Symes was commissioned a second lieutenant in The Hampshire Regiment in August 1900, and served in South Africa during the end of the Second Boer War in 1902, receiving the rank of lieutenant on 21 April 1902. Symes took part in the Battle of Rooiwal and was stationed for a while in Potchefstroom. He later stayed briefly in the town of Hermanus which he described as "peaceful." Later that year he was posted in the Aden Hinterland, where he served 1903–1904. He is said to have been the only British army officer to be awarded a Distinguished Service Order (DSO) for services in the hinterland.

He was Governor of the Palestine North District from 1920 to 1925, Chief Secretary to the Government of Palestine from 1925 to 1928, Resident at Aden from 1928 to 1931, Governor of Tanganyika from 1931 to 1934 and Governor-General of the Anglo-Egyptian Sudan from 1934 to 1940. During his time in Tanganyika he gained a reputation for governing in the interest of the indigenous African population.

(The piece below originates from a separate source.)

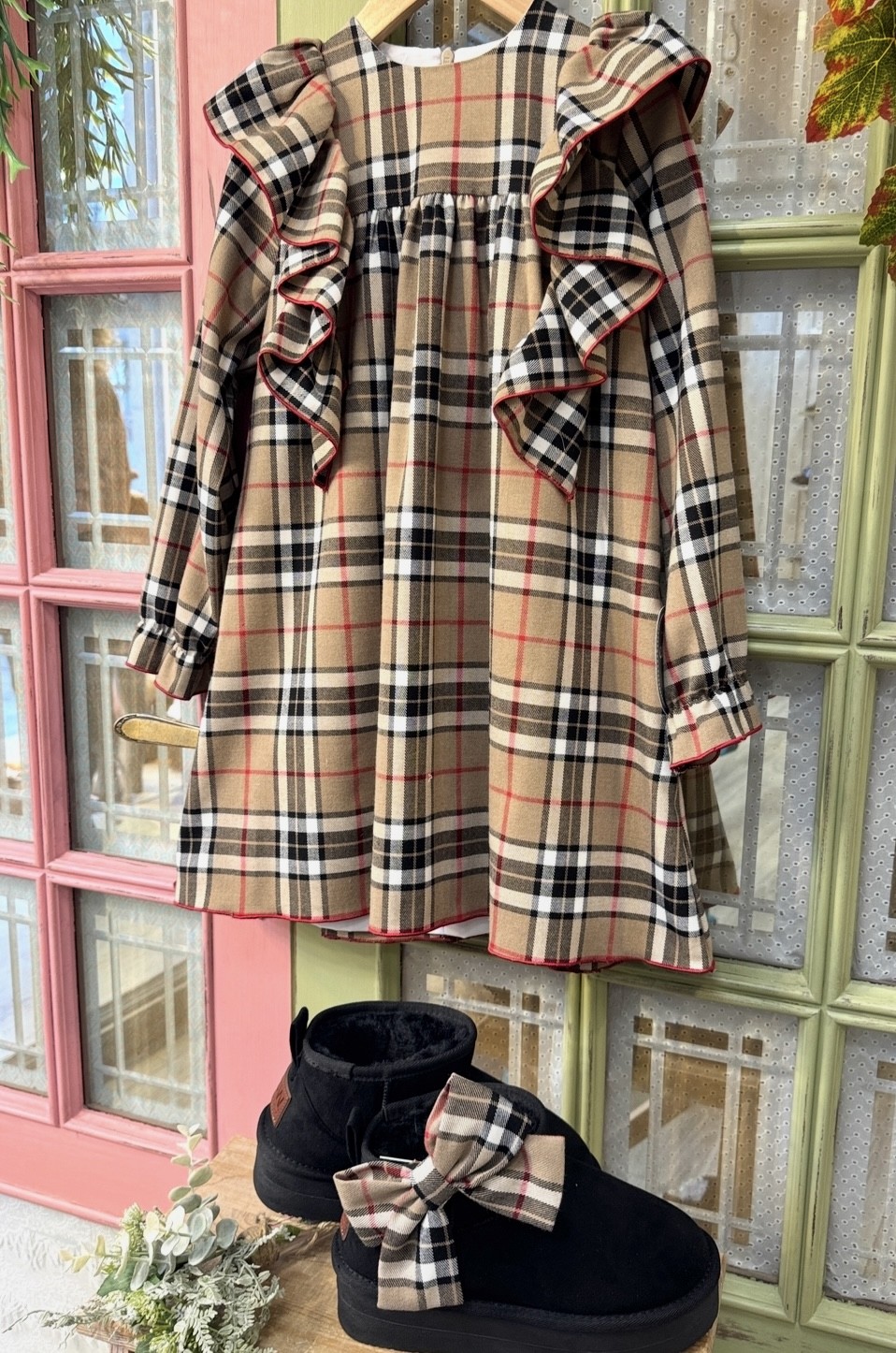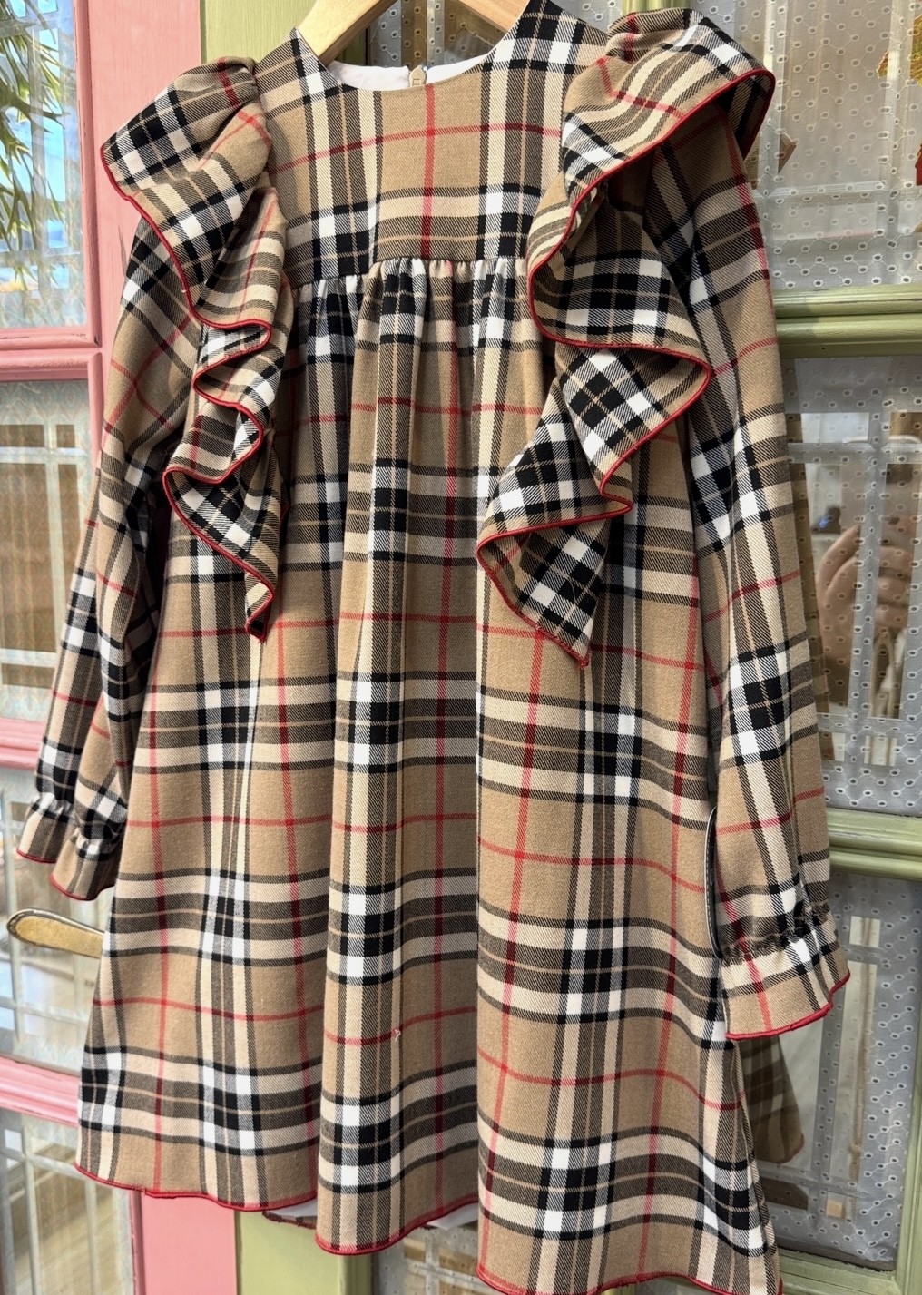 Vestido con volante mariposa en los hombros y estampado en cuadro escocés de la marca Monpetitbombón.

This led to him becoming unpopular with some of the white settlers in that country and in neighboring Kenya, and he was known as being one of the most "pro-African" colonial governors.

On every issue in which there was conflict between indigenous Africans and European settlers he governed in favor of the Africans. On multiple occasions he had European settlers deported from the country on the grounds they were mistreating Africans. There were British District Commissioners who were administrators under previous governors, and during their time in Tanganyika had learned to speak the Tongwe and Bende languages before being rotated out, Symes had them recalled to Tanganyika and stationed in areas that spoke Tongwe and Bende. He also devoted government resources towards water purification projects, literacy programs and the administration of antibiotics to natives.

On numerous issues he promoted encouraging the native population to vote on matters that affected them. He also insisted, as did his predecessor, that Africans be paid the same wages as Europeans and Indians for the same work. When asked in the 1950s if he supported African independence movements he said that he did.